Albert "Aldo" Bensadoun (born 1939), is a Moroccan-Canadian businessman. He is the founder and executive chairman of Aldo, a retail shoe company based in Montreal, Quebec, Canada. Bensadoun's family foundation donated $25 million to McGill University to help found the Bensadoun School of Retail Management.

== Early life ==
Aldo Bensadoun (אלדו בן סעדון) was born in Fez to a Moroccan Jewish family; his father was a shoe retailer in Fez, Morocco and France. Bensadoun moved to the United States for his post-secondary education. He attended Cornell University before relocating to Montreal and graduating from McGill University with a commerce degree in 1964.

==Career==
He worked at Yellow Shoes before founding the precursor to the Aldo Group in 1972 as a stand within the Le Château store in Montreal.

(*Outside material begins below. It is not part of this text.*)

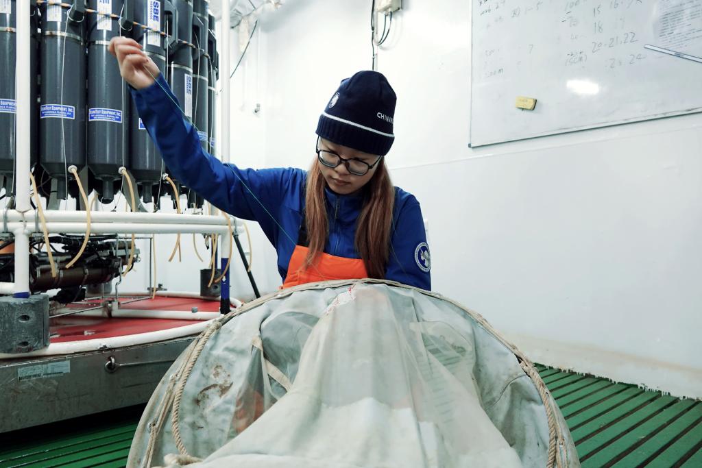 在“雪龙”号实验室,来自中国科学院海洋研究所的“00后”大洋队队员阮亦琳正手拿针线,小心缝补着一面浮游生物拖网。

As of July 2020, Forbes estimated his net worth at US$1.1 billion.

==Honours==
Bensadoun is a recipient of the Order of Canada. He is a recipient of the National Order of Quebec, and the Ordre de Montréal.

==Personal life==
Bensadoun has been married twice. His first wife was a Scottish Protestant; they had two sons: David (born 1970) and Douglas (born 1973). His second wife is Dianne Bibeau; they have a daughter, Daniela (born 1991). His son David is the CEO of the Aldo Group and is married to Isabelle Poirier. Bensadoun lives in Montreal.

In 2012, his son, David, along with Patrick Beaule were the first Canadian four wheel team to complete the Dakar Rally.